GCN applies spectral graph convolutions via Laplacian eigenvectors [18]. GAT uses attention-weighted message passing with four heads and learns which neighbors matter more [19]. GraphSAGE employs sampling-based neighborhood aggregation, trading exactness for scalability on larger graphs [20].

4.1.2. Component 2: Temporal Attention Module

Multi-head attention (four heads; 64-dimensional) operates over the temporal dimension ( T = 60 months). Query vectors represent the current hidden state, while key/value vectors represent historical timesteps. Learned attention weights indicate which past months are most relevant for forecasting (e.g., same-season precedents; ENSO events).

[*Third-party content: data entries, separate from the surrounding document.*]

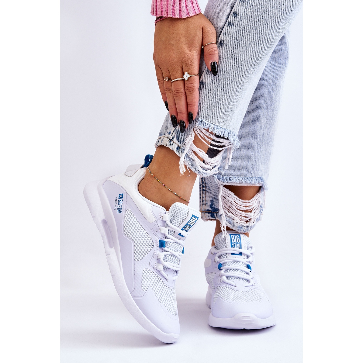 Dámská velká hvězda LL274373 Sportovní boty - bílé tenisky, které každý den kombinují módní vzhled s pohodlím. Vyrobeny z kombinace prodyšného pletiva a gumového plastu jsou lehké, dobře větrané a ideální pro městské aktivity a příležitostné stylizace.
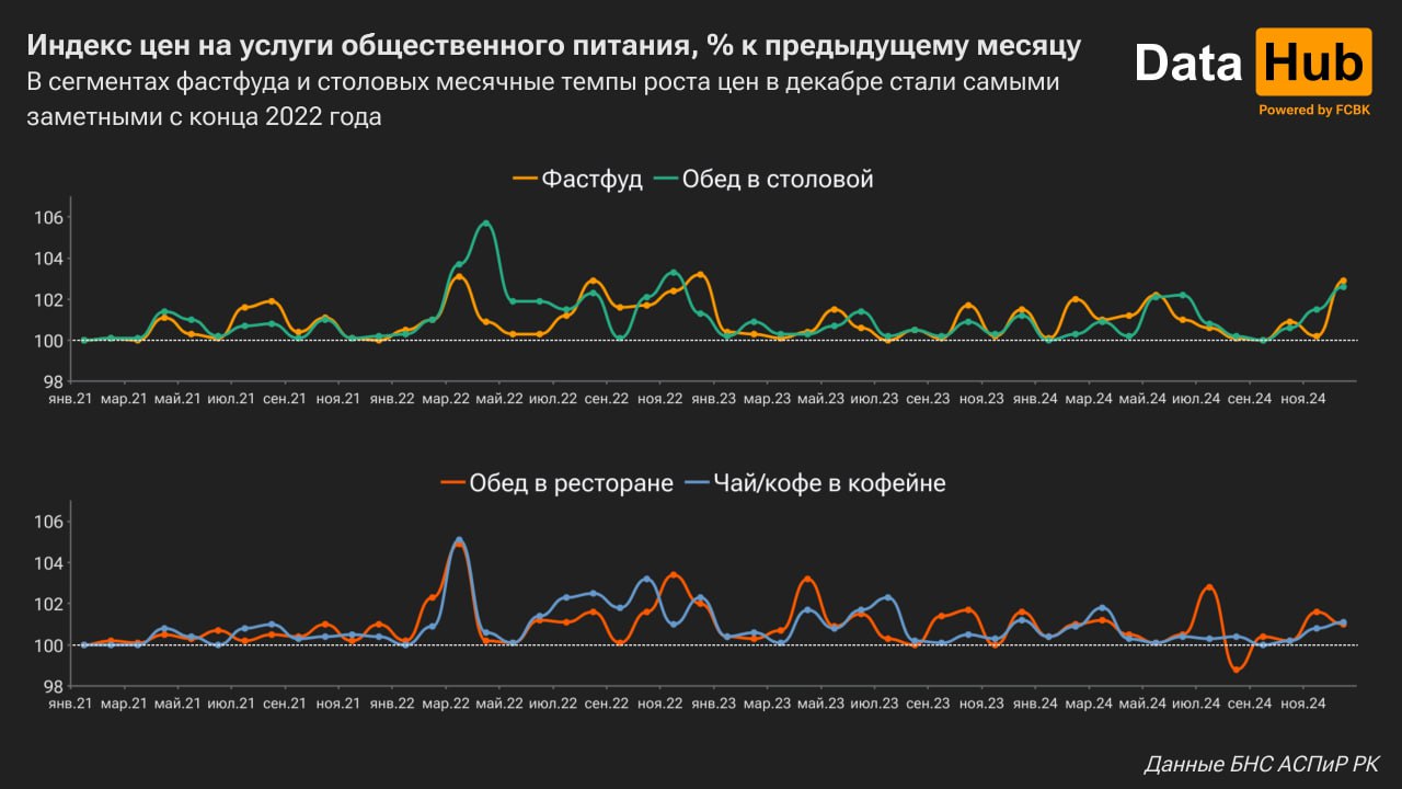 За декабрь заметно повысилась стоимость и обеда в столовой (+2,6%, рекорд с ноября 2022-го). Сильнее всего выросли цены опять же в Алматы, +7,8%. В годовом выражении по РК набежало 12%, в Алматы – 24,9%.
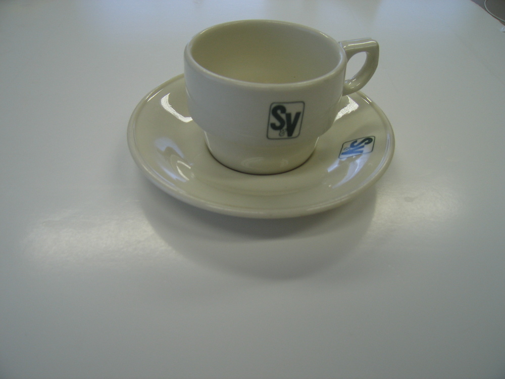 Kop en schotel met het logo van Sinclair & Valentine...

4.1.3. Component 3: LSTM Decoder

Two-layer LSTM (64 hidden units per layer) processes attention-weighted temporal features to generate multi-horizon predictions (H ∈ {1, 3, 6, 12} months). Recurrent structure enables sequential conditioning across forecast horizons.

4.1.4. Design Rationale

Splitting the problem into three components allows each one to specialize. The graph layers handle spatial topology independently of time. The attention module selects relevant historical months independently of space. The LSTM generates forecasts from preprocessed features. This division also aids with debugging: graph edges reveal learned spatial relationships, attention weights indicate which months the model prioritized, and LSTM states track forecast evolution. The architecture is modular. GCN can be replaced with GAT without modifying the attention or LSTM components.
All three GNN variants were tested across the same feature bundles (BASIC, KCE, and PAFC) and horizons (H ∈ {1, 3, 6, 12}). Table 3 provides the complete hyperparameter configuration for reproducibility.

4.2. GNN-TAT Results

Table 2 shows that GNN-TAT roughly matches ConvLSTM. GNN_TAT_GAT with BASIC features achieves R 2 = 0.628 , within 2.2% of the best ConvLSTM ( R 2 = 0.642 ). However, the aggregate numbers tell a different story. Across all 108 configurations, GNN-TAT achieves mean RMSE of 92.12 mm versus ConvLSTM’s 112.02 mm ( p = 0.015 ). The graph models are more consistent.
Parameter counts differ dramatically: GNN-TAT uses approximately 98K parameters, while ConvLSTM variants range from 500K to 2.1M. This represents 5 to 20 times fewer weights, translating to faster training and easier deployment on resource-constrained hardware.
Feature bundles interact differently with each architecture (Figure 11). PAFC (with precipitation lags) improves GCN because lag features complement message passing by providing temporal context. For GAT, BASIC features work best. The attention mechanism learns patterns more effectively from raw inputs than from engineered features.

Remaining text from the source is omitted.